◆ **Exercise brief**
All of the entries need to be printed again exactly; pictures are the only thing to omit.

•••••

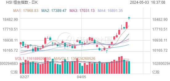 周五,港股牛气不减!隔夜美股收涨,纳斯达克中国金龙指数大涨超6%;人民币走强,离岸一度升破7.19;再加上香港首季GDP升2.7%胜预期,各大行齐调升香港全年GDP增长预期,上述三大因素推动今日港股再度上涨。恒生指数收涨1.48%,为连续第九个交易日收涨,创2018年以来最长连涨纪录,恒指大市成交额达1161.9亿港元;恒生科技指数收涨2.74%,创2023年11月以来最高水平;国企指数涨1.71%。
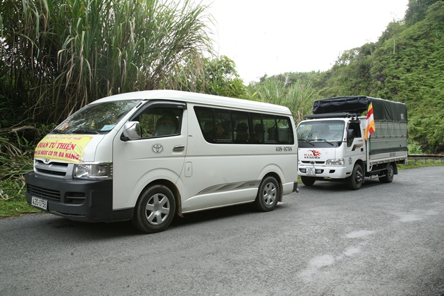 Đại đức Thích Tâm Phương, Trưởng Ban Trị sự; Đại đức Thích Tín Nhơn, Phó Trưởng Ban Thường trực Ban Trị sự; Sư cô Thích Nữ Diệu Trung, Phó Ban Trị sự, Trưởng Ban TTXH huyện A Lưới đã đón tiếp quý Ni trưởng và phái đoàn.
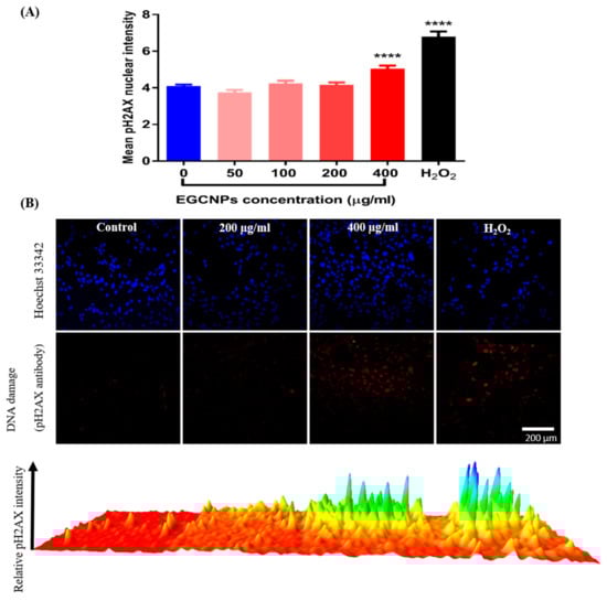 DNA integrity in HLECs is particularly important as its damage could lead to impaired protein synthesis, impaired differentiation and consequently cataract formation [31]. Since DNA is a common target of ROS [32], EGCNP induced genotoxicity was evaluated by detecting DNA double strands breaks (DSBs). As a response to DSBs, the histone protein H2AX is phosphorylated (pH2AX) and this can be detected with immunocytochemistry. The results in Figure 7 show that increased ROS was accompanied with increased DNA damage at 400 µg mL−1 whereas, at low concentrations, no genotoxicity was observed.
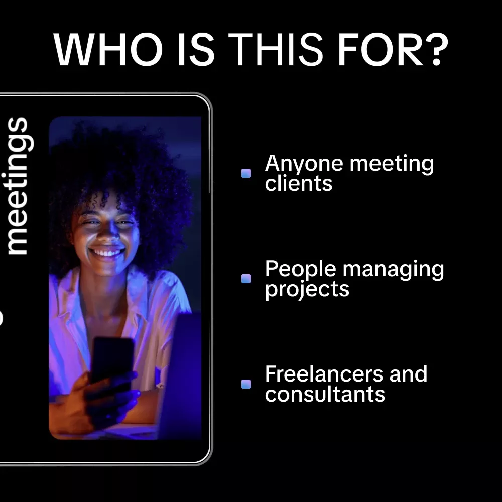 This ebook is perfect for freelancers, designers, consultants, account managers, and anyone who regularly meets with clients. If you want to stop feeling unprepared, reduce meeting stress, and make every client interaction productive, this guide is tailored for you.
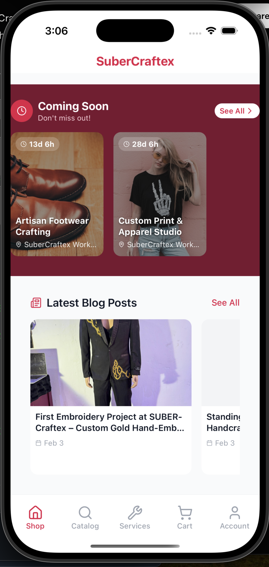 The SuberCraftex app is designed with you in mind - clean, intuitive, and fast. Whether you're shopping for the latest styles or commissioning a custom piece, we've made the experience seamless.
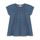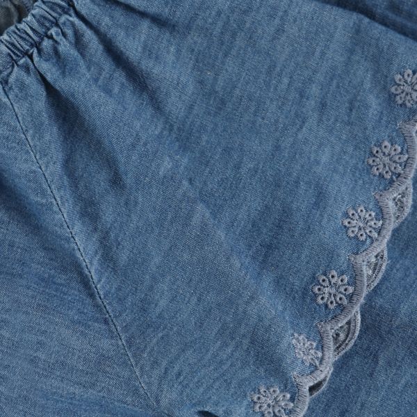 Modische Mädchenbluse im Denim-Look mit elastischem Kragen und wellenförmigen Kanten für stilvollen Komfort.

•••••

◆ **The completed task**
 周五,港股牛气不减!隔夜美股收涨,纳斯达克中国金龙指数大涨超6%;人民币走强,离岸一度升破7.19;再加上香港首季GDP升2.7%胜预期,各大行齐调升香港全年GDP增长预期,上述三大因素推动今日港股再度上涨。恒生指数收涨1.48%,为连续第九个交易日收涨,创2018年以来最长连涨纪录,恒指大市成交额达1161.9亿港元;恒生科技指数收涨2.74%,创2023年11月以来最高水平;国企指数涨1.71%。
 Đại đức Thích Tâm Phương, Trưởng Ban Trị sự; Đại đức Thích Tín Nhơn, Phó Trưởng Ban Thường trực Ban Trị sự; Sư cô Thích Nữ Diệu Trung, Phó Ban Trị sự, Trưởng Ban TTXH huyện A Lưới đã đón tiếp quý Ni trưởng và phái đoàn.
 DNA integrity in HLECs is particularly important as its damage could lead to impaired protein synthesis, impaired differentiation and consequently cataract formation [31]. Since DNA is a common target of ROS [32], EGCNP induced genotoxicity was evaluated by detecting DNA double strands breaks (DSBs). As a response to DSBs, the histone protein H2AX is phosphorylated (pH2AX) and this can be detected with immunocytochemistry. The results in Figure 7 show that increased ROS was accompanied with increased DNA damage at 400 µg mL−1 whereas, at low concentrations, no genotoxicity was observed.
 This ebook is perfect for freelancers, designers, consultants, account managers, and anyone who regularly meets with clients. If you want to stop feeling unprepared, reduce meeting stress, and make every client interaction productive, this guide is tailored for you.
 The SuberCraftex app is designed with you in mind - clean, intuitive, and fast. Whether you're shopping for the latest styles or commissioning a custom piece, we've made the experience seamless.
 Modische Mädchenbluse im Denim-Look mit elastischem Kragen und wellenförmigen Kanten für stilvollen Komfort.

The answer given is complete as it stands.